▶ **DATASET EXCERPT**:
━━━━━━

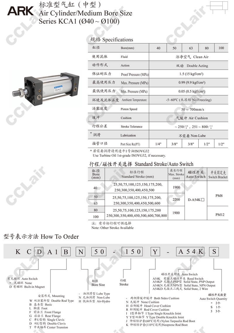 KCA1C40-25,KCA1C40-50,KCA1C40-75,KCA1C40-100,KCA1C40-125,CCLair KCA1C40-150,KCA1C40-175,KCA1G80-175,
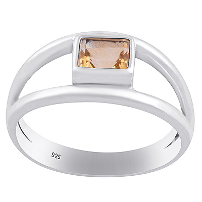 Alluring Split Shank Around Citrine Rectangle Shape 925 Sterling Solid Silver Ring
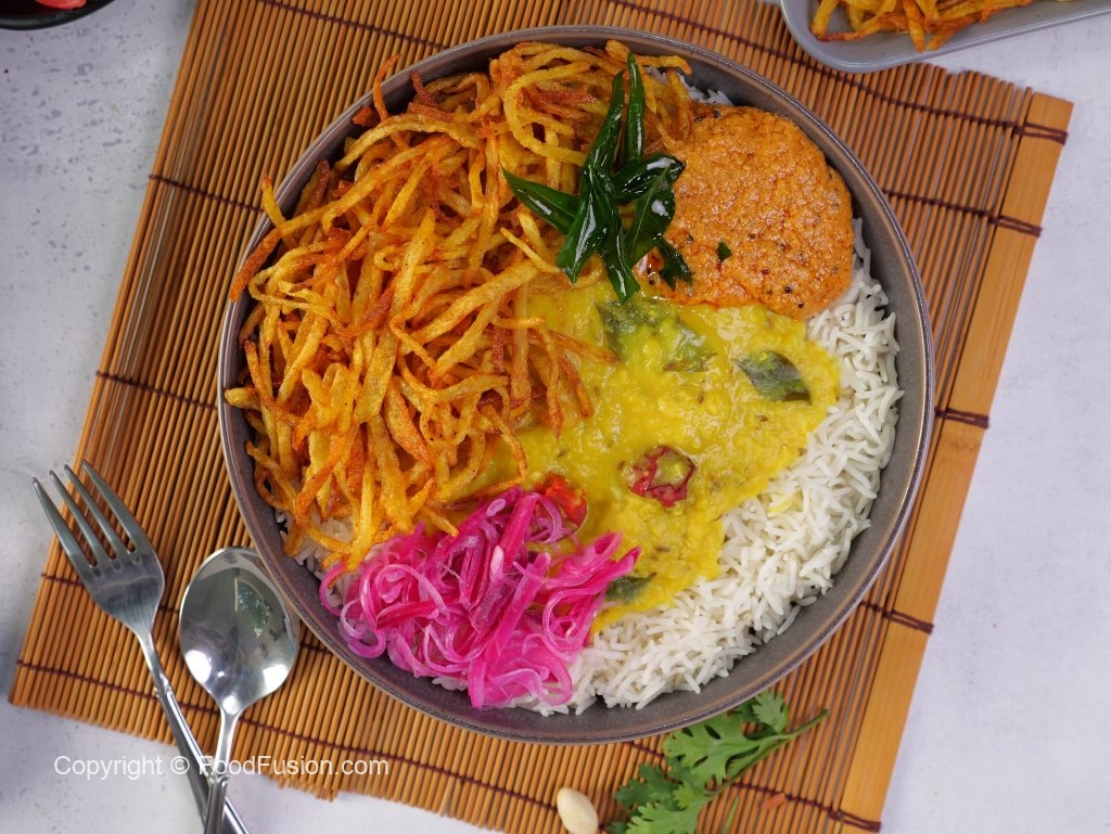 -Serving bowl mein rice, daal, crispy aloo, prepared teekhi chutney, pickle onion aur fried curry leaves dal kar serve karen.

━━━━━━

Every line above is to be written out unchanged, with the pictures omitted.

▶ **REPLY**:
 KCA1C40-25,KCA1C40-50,KCA1C40-75,KCA1C40-100,KCA1C40-125,CCLair KCA1C40-150,KCA1C40-175,KCA1G80-175,
 Alluring Split Shank Around Citrine Rectangle Shape 925 Sterling Solid Silver Ring
 -Serving bowl mein rice, daal, crispy aloo, prepared teekhi chutney, pickle onion aur fried curry leaves dal kar serve karen.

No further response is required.